My friend Brenda Clough decided to venture an interpretation of what I am doing. Over on Usenet (I'm quoting this with her permission) she said,

"From this restriction it is obvious that Barnes intends the ultimate owners to be institutions (libraries, universities or big collectors) rather than the common or garden fan. A major university's research collection is well able to accomodate visiting scholars.

"Since the material does have research value (if not now then in future when Barnes' work will be better appreciated) it would be a mitzvah for the new owner to indicate, somewhere, a disposition of the manuscripts. Leave them to your alma mater in your will, for instance.
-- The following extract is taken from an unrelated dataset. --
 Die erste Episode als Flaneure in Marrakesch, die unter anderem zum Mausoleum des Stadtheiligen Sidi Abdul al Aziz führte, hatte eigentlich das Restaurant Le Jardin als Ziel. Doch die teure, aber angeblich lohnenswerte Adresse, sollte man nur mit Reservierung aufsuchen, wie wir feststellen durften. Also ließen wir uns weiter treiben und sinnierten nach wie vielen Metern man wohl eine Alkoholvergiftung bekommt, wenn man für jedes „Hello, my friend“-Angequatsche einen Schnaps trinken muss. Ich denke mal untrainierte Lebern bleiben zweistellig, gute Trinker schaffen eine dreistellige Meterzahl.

At the very minimum, keep all the stuff together in an acid-free box in a dry room, and label it clearly so that your kids or grandkids don't just toss it after you die."

Well, alas, this isn't quite the way things are. I've mentioned before that I did academic cultural history for a long time – I was a theatre professor and taught theatre history and my research interests were in popular theatre, i.e. the stuff people went to as opposed to the stuff that was admired. Cultural history types in the various arts tend to mix and mingle a lot – because it's all one culture and it's all one people, and the same people who went to melodramas are the ones who bought broadside sheet music and penny dreadfuls and all the rest.
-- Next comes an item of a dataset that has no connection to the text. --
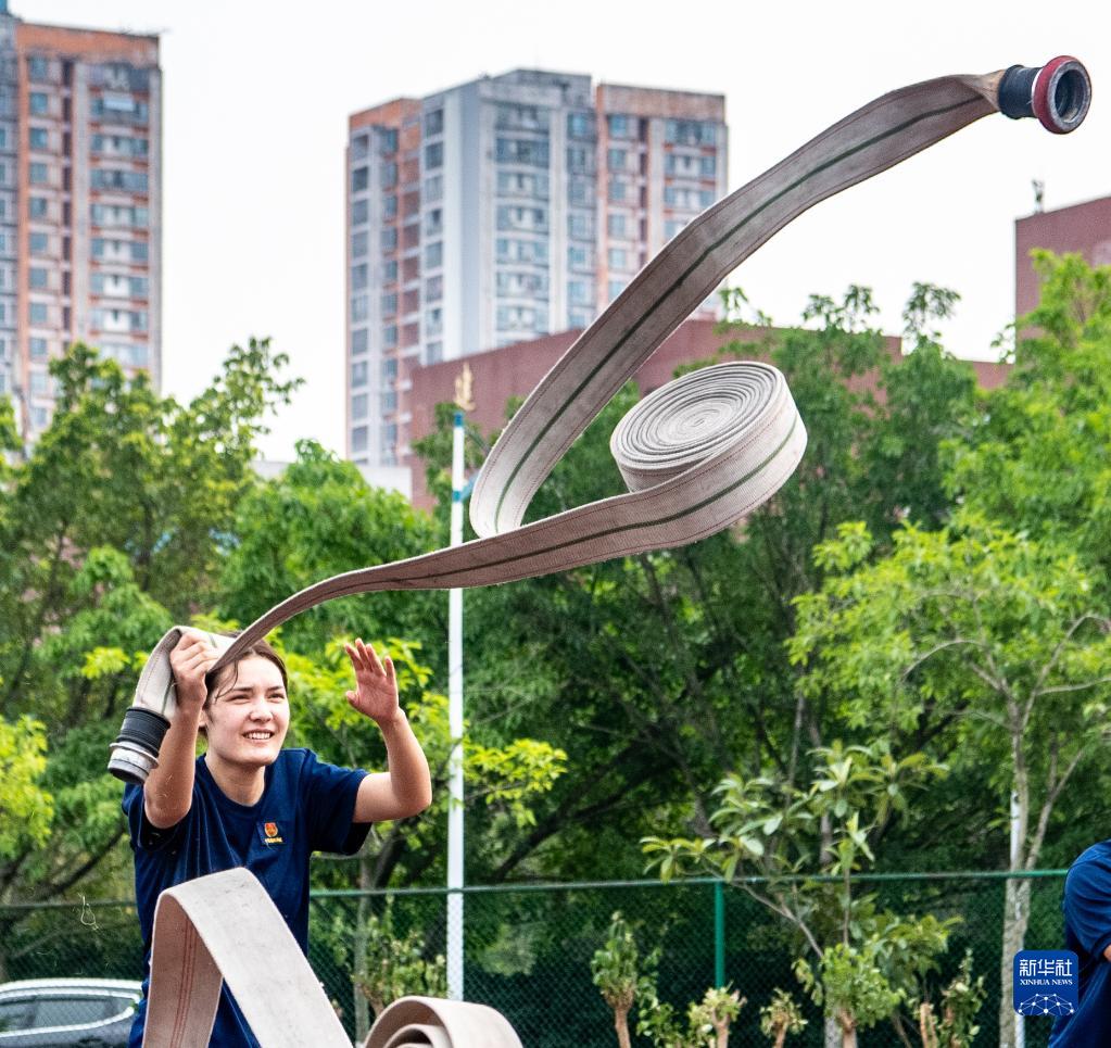 6月28日,熱依來(lái)·吉力力在進(jìn)行消防專(zhuān)業(yè)體能訓練。在距離家鄉新疆兩千公里的重慶江津區,她即將上崗成為實(shí)習消防員。

And here's something I'm very painfully aware of: libraries, archives, and museums are very dangerous places for pop culture collections, and can pretty much be counted on to destroy them at the earliest opportunity. There are shining exceptions – in theatre, there's the British Museum, the Harvard Theatre Collection, the Huntington, and the Musee des Arts du Spectacle – but for the most part, a collection donated to a library is going to be rather quickly either tossed or "edited" in a way that loses most of the information.

Yet if I'd just sold it through a private collector (an option I did explore), I'd have been cutting off some very important aspects with regard to my writing career, which is probably only about halfway through (I just turned fifty, my first story was published when I was twenty-five…)

Anyway, here's sort of my outline for what I'm thinking and what I'm trying to do.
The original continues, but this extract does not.